County of Conviction: San Diego

Convicted of: Murder

Sentence: 29 Years to Life

Year of Conviction: 1996

Cost of Wrongful Incarceration*: $1,867,669 and counting

*According to the Legislative Analyst’s Office 2018-19 annual costs per CA inmate

Jermaine Smothers

Jermaine Smothers was accused of shooting and killing Ernesto Flores on May 11, 1995. Jermaine consistently maintained that he did not shoot and kill Ernesto. Despite passing a polygraph examination prior to trial and despite the exceedingly unreliable eyewitnesses who claimed that they saw him shoot Flores, he was convicted of murder and conspiracy to commit murder. The trial judge gave him a sentence of 29 years-to-life.

In 2001, an Oceanside Police Department homicide detective working on an unrelated homicide case inadvertently discovered evidence that Jermaine was not the shooter in Ernesto’s murder. During the course of her investigation, she came into contact with several people who said that Jermaine was incarcerated for a crime he did not commit. In 2005, she began looking further into Jermaine’s case.
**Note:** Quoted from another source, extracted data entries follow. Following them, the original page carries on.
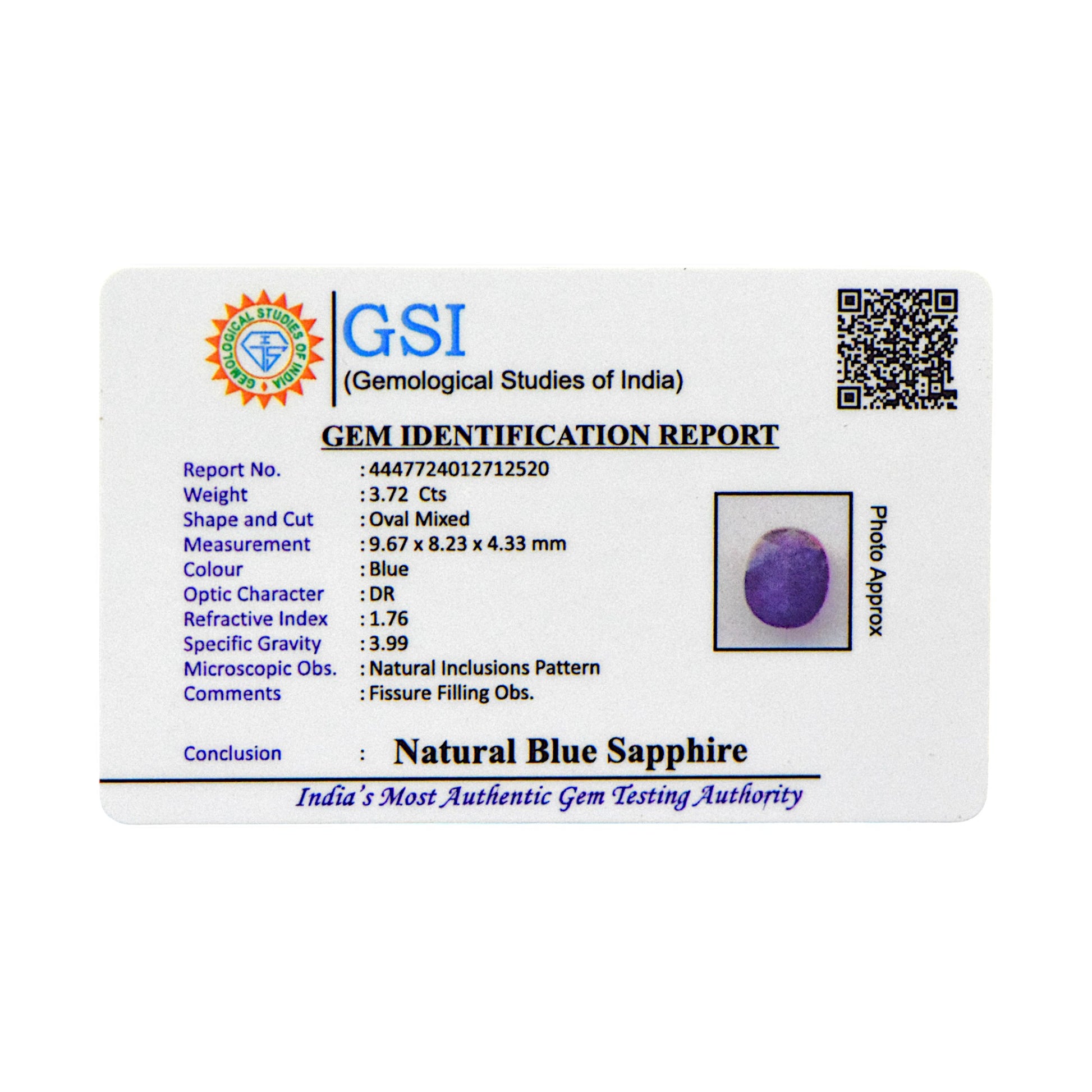 Blue Sapphire - 3.72 Carat
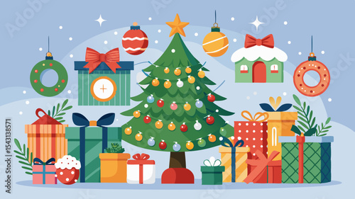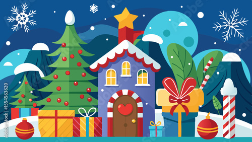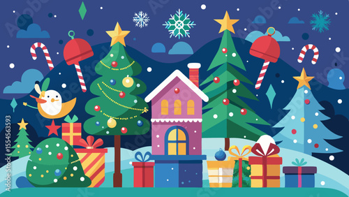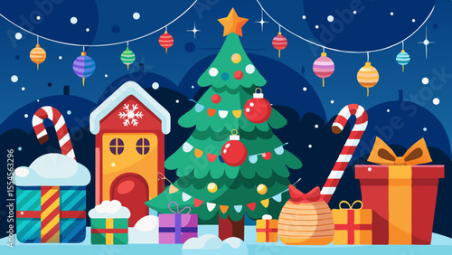 Рождественские подарки, векторная иллюстрация в стиле бумажного искусства. Откройте волшебную коробку со взрывом рождественских украшений, пейзажем зимнего ночного леса с заснеженными деревьями и подарочными коробками.
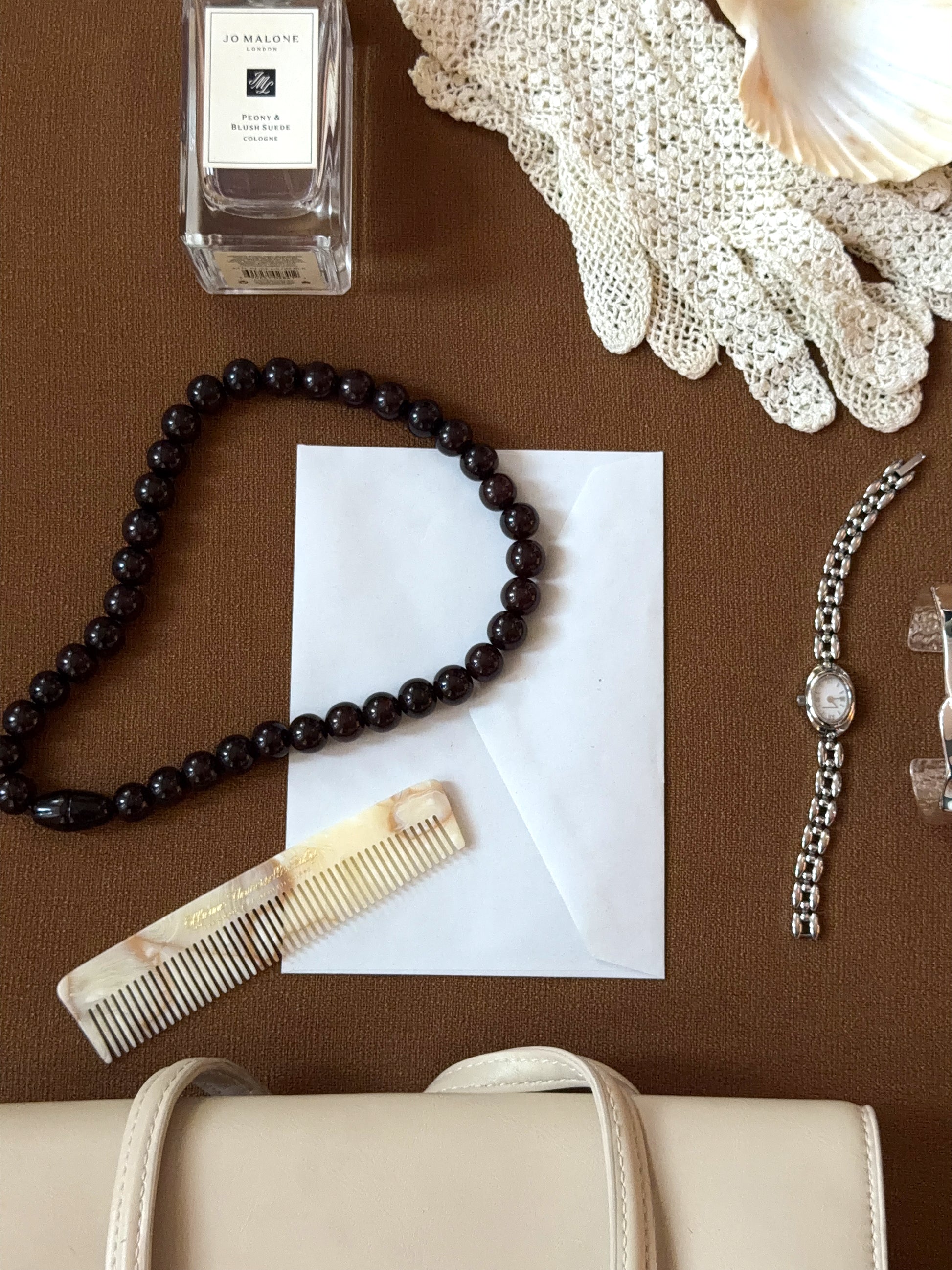 Its earthy brown color works well with both gold and silver jewelry, making it easy to mix with different metals and materials. The Cocoa Beaded Necklace is also a suitable option for transitional styling between seasons thanks to its warm tone and classic shape.
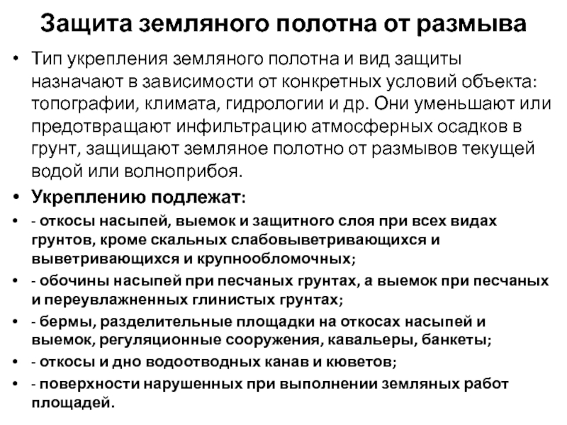 назначают в зависимости от конкретных условий объекта: топографии, климата, гидрологии и др. Они уменьшают или предотвращают инфильтрацию атмосферных осадков в грунт, защищают земляное полотно от размывов текущей водой или волноприбоя.

Over the next several years she interviewed several witnesses who told her who the real shooter was. Further, several of the critical eyewitnesses against Jermaine admitted they lied at his trial. In 2008, the detective presented the case to the California Innocence Project (CIP), shortly before her retirement. Since that time, both she and CIP have jointly investigated Jermaine’s case and uncovered further evidence of innocence.

In 2018, CIP filed a post-conviction petition on Jermaine’s behalf with evidence showing the eyewitnesses were wrong in their identification and that the true perpetrator is someone else.  His case is scheduled to go to an evidentiary hearing in March of 2019.